New insights: Learning with technology – barrier or tool?

As an instructor, one of the barriers to engaging adults in the learning process is making their learning relevant. While comfort with new technology often correlates with age, is it possible that requiring technology-use in the learning process could create additional relevance for the adult learner?

In Building Community and Creating Relevance in the Online Classroom authors Erickson and Neset identify the importance of regular communication, and creating relevance through current events, online content and social media:

Students crave relevance, so consider connecting the unit material to current affairs. Share links to news stories, Twitter feeds, or articles that make the learning material applicable to life outside the classroom. If you teach business, marketing, public relations, among others, there are numerous opportunities to wrap an assignment or discussion around the public movements (or missteps) of high-profile companies. If you can make it applicable, you can even use celebrity news stories, as students enjoy hearing about this type of material. Perhaps there is a poetry slam or book reading you’d like your students to attend. Maybe a future art exhibit is relevant to your content or a well-known speaker is giving a lecture on campus. All of these strategies keep students apprised of current events and demonstrate your efforts to connect their classroom with the real world. Sharing this information via e-communication frees up valuable classroom time that you can spend engaging students in the content of course material rather than administrative details.

The commentary on technology in adult learning has caused me to reflect critically on the classroom, pen and paper learning format. Technology offers new strategies for engaging and providing relevance for learners.

Trends: Smart or dumb? Phone technology in the classroom

In my earlier post on trends and roles in adult learning, I reflected upon the effective use of technology to provide relevance for adult learner.

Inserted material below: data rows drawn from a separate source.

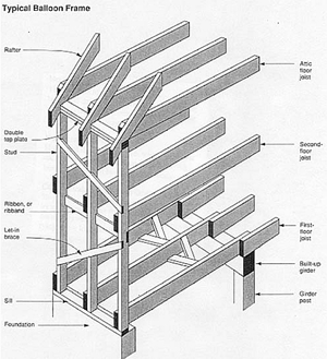 (*)"Balloon frame house are based on a closely spaced two inch boards of varying
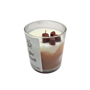 100% plant-based soy wax with a cotton wick in a glass jar, featuring coffee beans and a Coffee Arabica scent.
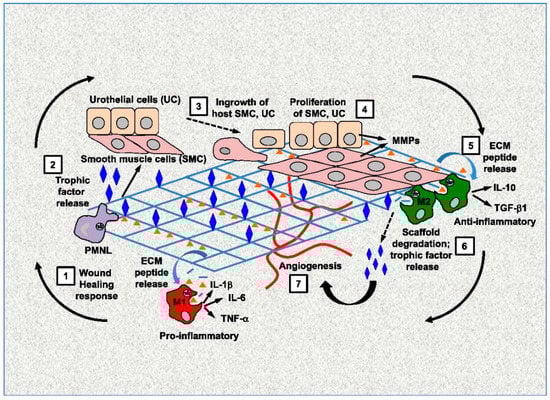 Some reports have indicated that SIS facilitates the M1–M2 transition and promotes wound healing to advance from inflammation to proliferation. Dziki et al. [] investigated the mechanisms of SIS treatment in volumetric muscle loss (VML) injuries. VML is a massive or excessive skeletal muscle injury resulting from trauma, tumor ablation, or degenerative disease. Skeletal muscle can repair in response to mild trauma. However, the skeletal muscle damage associated with VML overwhelms the regenerative process, resulting in scar tissue deposition, loss of function, and esthetic deformities. The therapeutic options for massive loss of skeletal muscle tissue after trauma, surgical excision of neoplasms, and related conditions are limited. Autologous muscle grafts or muscle transposition represent optional salvage procedures for the restoration of muscle tissues; however, these approaches are limited by the availability of donor tissue. Alternatively, cell-based therapies have been explored, but problems still arise in ES/iPS cell therapies, such as immunogenicity, the desirable requirement of the source, and a favorable environment to maintain cell viability []. Furthermore, the development of a therapy that avoids the collection, isolation, and/or ex vivo expansion and purification of autologous stem cells with subsequent reintroduction to the patient would reduce the regulatory hurdles for clinical translation, reduce the cost of treatment, and avoid the risks associated with cell-based approaches. There is an unmet need for therapeutic strategies that can enhance the innate regenerative capacity of skeletal muscle following VML []. Dziki et al. [] analyzed the spatiotemporal patterns of myogenic and neurogenic progenitor cells and the pattern of macrophage activation following SIS in a murine model of VML. The group treated with ECM showed an early transition from predominant M1-like macrophages to robust M2-like macrophages. SIS treatment promoted perivascular stem cell mobilization, increased the presence of neurogenic progenitor cells, and was associated with myotube formation. These cell types were present not only at the periphery of the defect near the uninjured muscle, but also at the center of the SIS-treated defect. Furthermore, SIS altered the wound microenvironment, allowing synergy and crosstalk between key immune regulators and skeletal muscle progenitor cells, whose spatiotemporal distribution is associated with de novo skeletal muscle formation and site-appropriate remodeling. Based on these results [], SIS can induce site-specific remodeling in the organs or tissues where it is placed. Although SIS is a xenogeneic substance, clinical or histological evidence of immediate or delayed rejection has not been reported. Allman et al. [] performed histological analysis to detect rejection or acceptance by determining cytokine levels at the graft site in a mouse model. Ten days after SIS implantation, inflammation was notably reduced and the graft site contained mononuclear cells. The implant was surrounded by increased tissue organization and fibroblastic proliferation, indicating tissue remodeling. On day 28, the inflammatory process resolved, indicating acceptance of the graft. The host response to SIS was like that of syngenetic muscle tissue. The analysis of cytokine RNA from the graft site at the time of mononuclear cell infiltration (seven days after implantation) showed increased levels of IL-4 mRNA, a marker of M2 macrophages, as well as the absence of interferon-γ, a marker of inflammation. The analysis of the antibody isotype also revealed the involvement of the Th2 pathway, which is associated with transplant acceptance.

Cell phone use, and using cell phones for going online has continued to increase in the last five years. While cell phone ownership is highest amongst 18-29 year olds (85%), this group is closely followed by 30-49 year olds (73%). This growth makes cell phones one of the most widely available technologies; the accessibility of cell phones makes them important in terms of a potential tool in adult learning.

While society debates proper cellphone etiquette, instructors have struggled with other challenges related to cellphone and smart phone use in the classroom. Cellphones have a reputation for being disruptive, distracting, disrespectful, not to mention their role in plagiarism. But what about harnessing cellphone technology for adult learning? The Oxford University Press blog on adult English language instruction offers the flip-side to annoying cellphone-use in the classroom. .

It is estimated that there are more than 150,000 educational apps available for smartphones, many of which are free. As an instructor, I will be looking for ways to incorporate these types of accessible technologies into the menus of instructional strategies.